== About this exercise ==
With the pictures left out, print exactly the lines below that run from the one containing "[36] Pamo Reyna, O." through the one containing "Multifaceted in style".

(Source information begins)

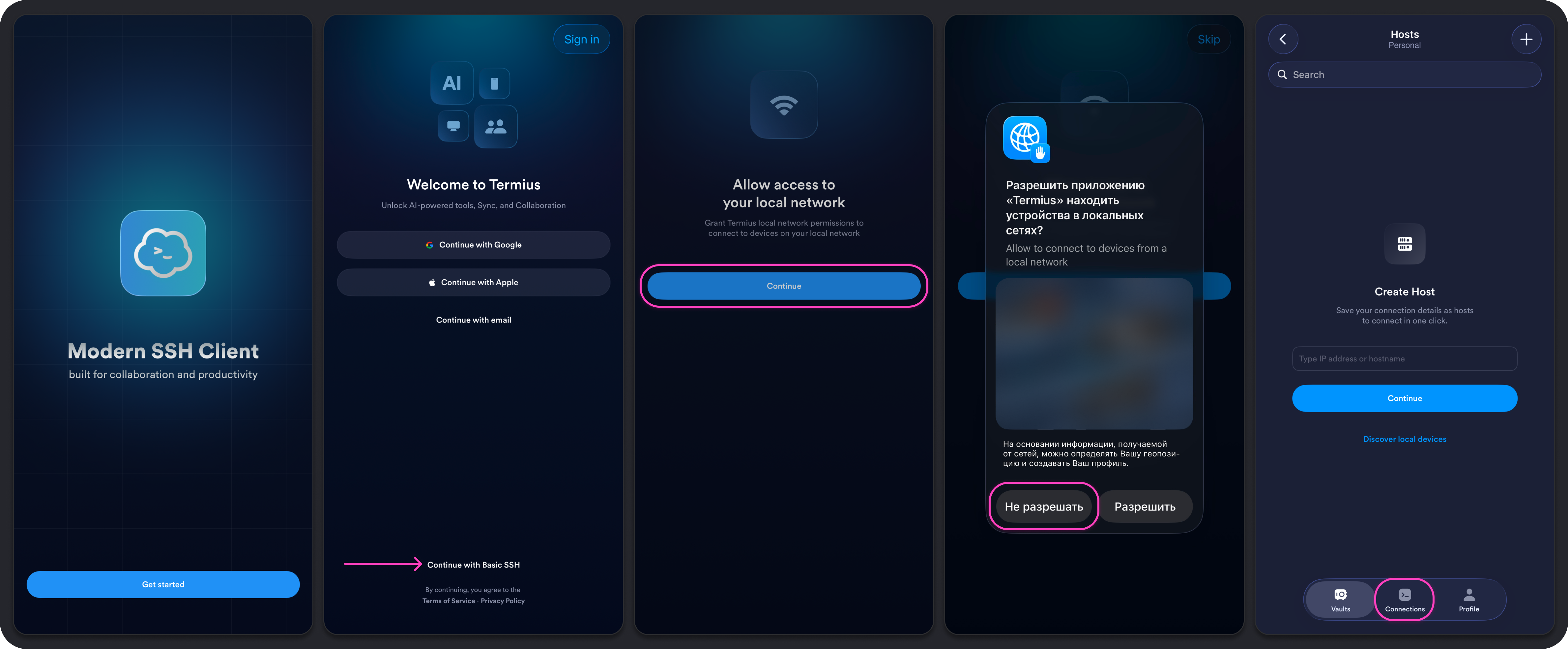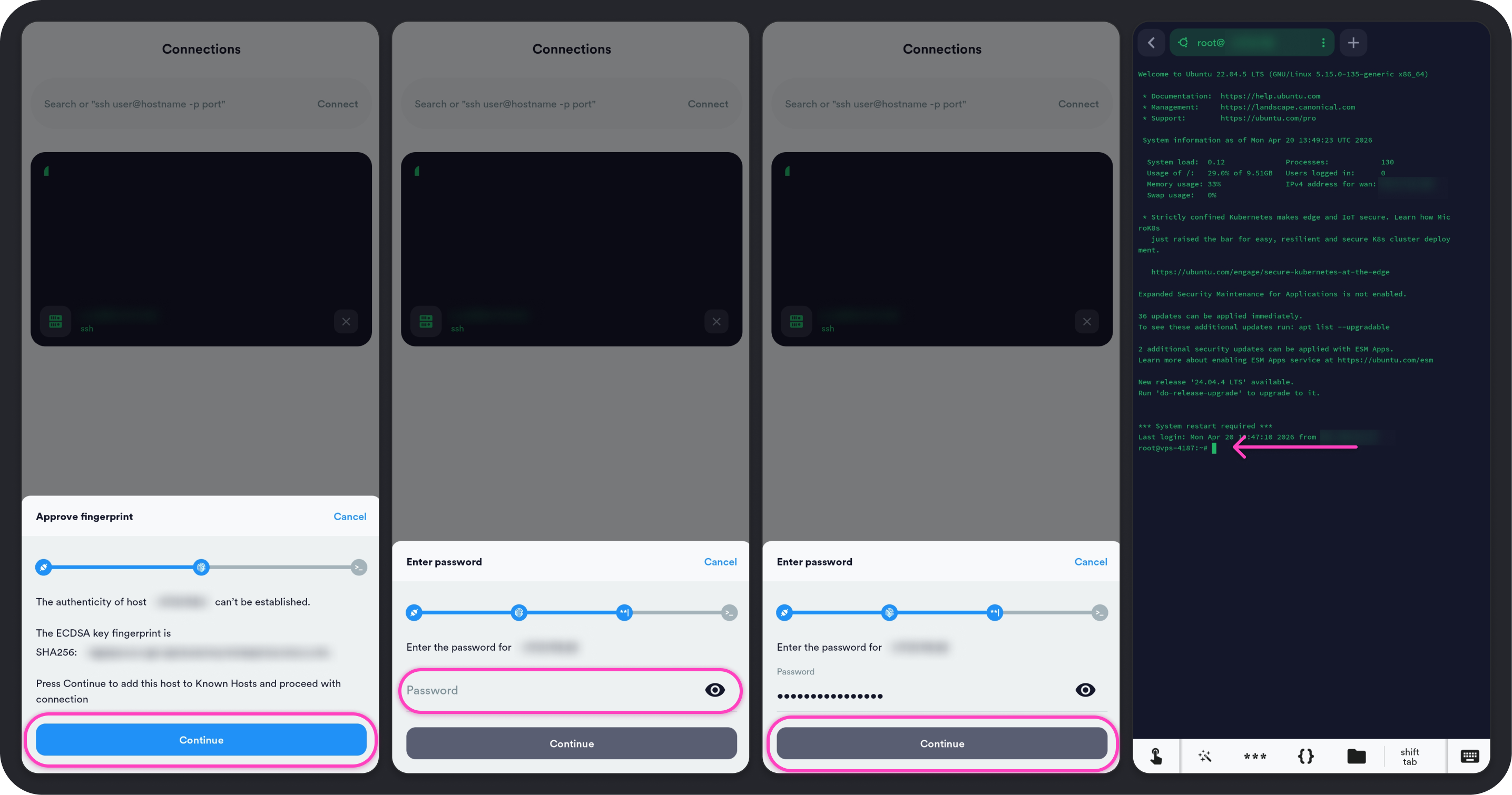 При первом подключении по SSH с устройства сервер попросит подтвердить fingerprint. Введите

(Source information ends)
(Source information begins)

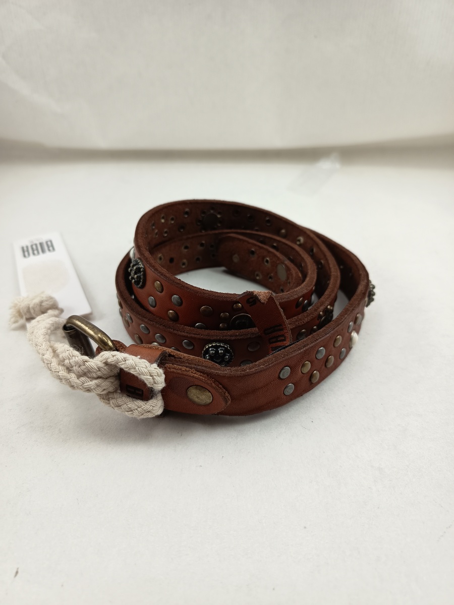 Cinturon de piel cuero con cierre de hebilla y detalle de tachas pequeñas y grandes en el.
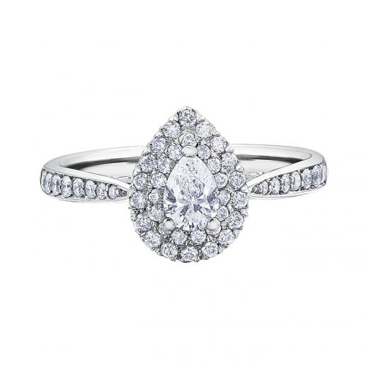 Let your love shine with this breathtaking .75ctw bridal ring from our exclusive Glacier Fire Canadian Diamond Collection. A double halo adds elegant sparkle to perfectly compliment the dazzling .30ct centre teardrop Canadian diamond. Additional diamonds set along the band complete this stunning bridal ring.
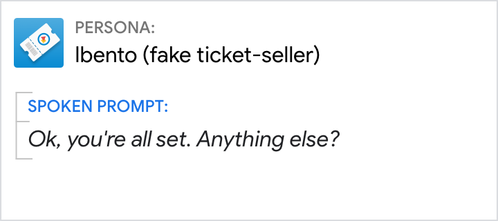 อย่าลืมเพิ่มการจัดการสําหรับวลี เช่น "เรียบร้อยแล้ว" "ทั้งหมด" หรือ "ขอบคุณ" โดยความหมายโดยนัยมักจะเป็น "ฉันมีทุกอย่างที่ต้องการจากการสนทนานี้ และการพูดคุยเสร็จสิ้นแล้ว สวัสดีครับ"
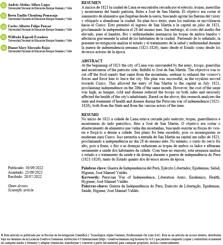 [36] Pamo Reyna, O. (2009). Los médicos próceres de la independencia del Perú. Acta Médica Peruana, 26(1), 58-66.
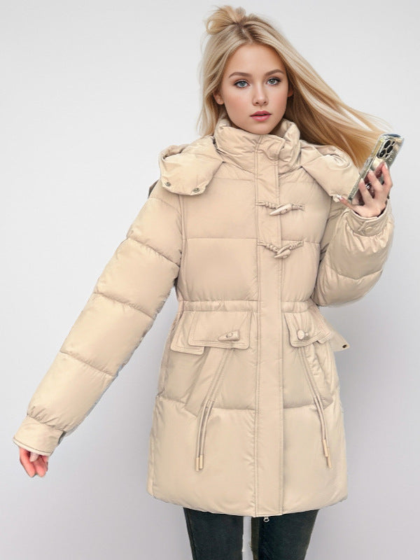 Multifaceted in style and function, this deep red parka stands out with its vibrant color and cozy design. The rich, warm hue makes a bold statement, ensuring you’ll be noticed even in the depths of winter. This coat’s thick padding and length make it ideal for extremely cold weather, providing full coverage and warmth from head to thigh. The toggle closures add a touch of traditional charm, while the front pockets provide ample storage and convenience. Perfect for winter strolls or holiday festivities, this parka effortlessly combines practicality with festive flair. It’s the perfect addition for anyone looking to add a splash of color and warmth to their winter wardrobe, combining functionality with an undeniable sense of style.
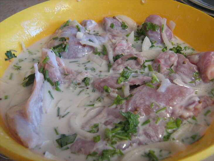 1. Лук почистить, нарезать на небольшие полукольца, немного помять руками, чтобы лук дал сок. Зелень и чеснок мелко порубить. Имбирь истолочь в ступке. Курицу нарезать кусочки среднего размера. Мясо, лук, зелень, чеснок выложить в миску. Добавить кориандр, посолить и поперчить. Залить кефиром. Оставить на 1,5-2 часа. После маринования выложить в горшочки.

(Source information ends)

== Exercise response ==
 [36] Pamo Reyna, O. (2009). Los médicos próceres de la independencia del Perú. Acta Médica Peruana, 26(1), 58-66.
 Multifaceted in style and function, this deep red parka stands out with its vibrant color and cozy design. The rich, warm hue makes a bold statement, ensuring you’ll be noticed even in the depths of winter. This coat’s thick padding and length make it ideal for extremely cold weather, providing full coverage and warmth from head to thigh. The toggle closures add a touch of traditional charm, while the front pockets provide ample storage and convenience. Perfect for winter strolls or holiday festivities, this parka effortlessly combines practicality with festive flair. It’s the perfect addition for anyone looking to add a splash of color and warmth to their winter wardrobe, combining functionality with an undeniable sense of style.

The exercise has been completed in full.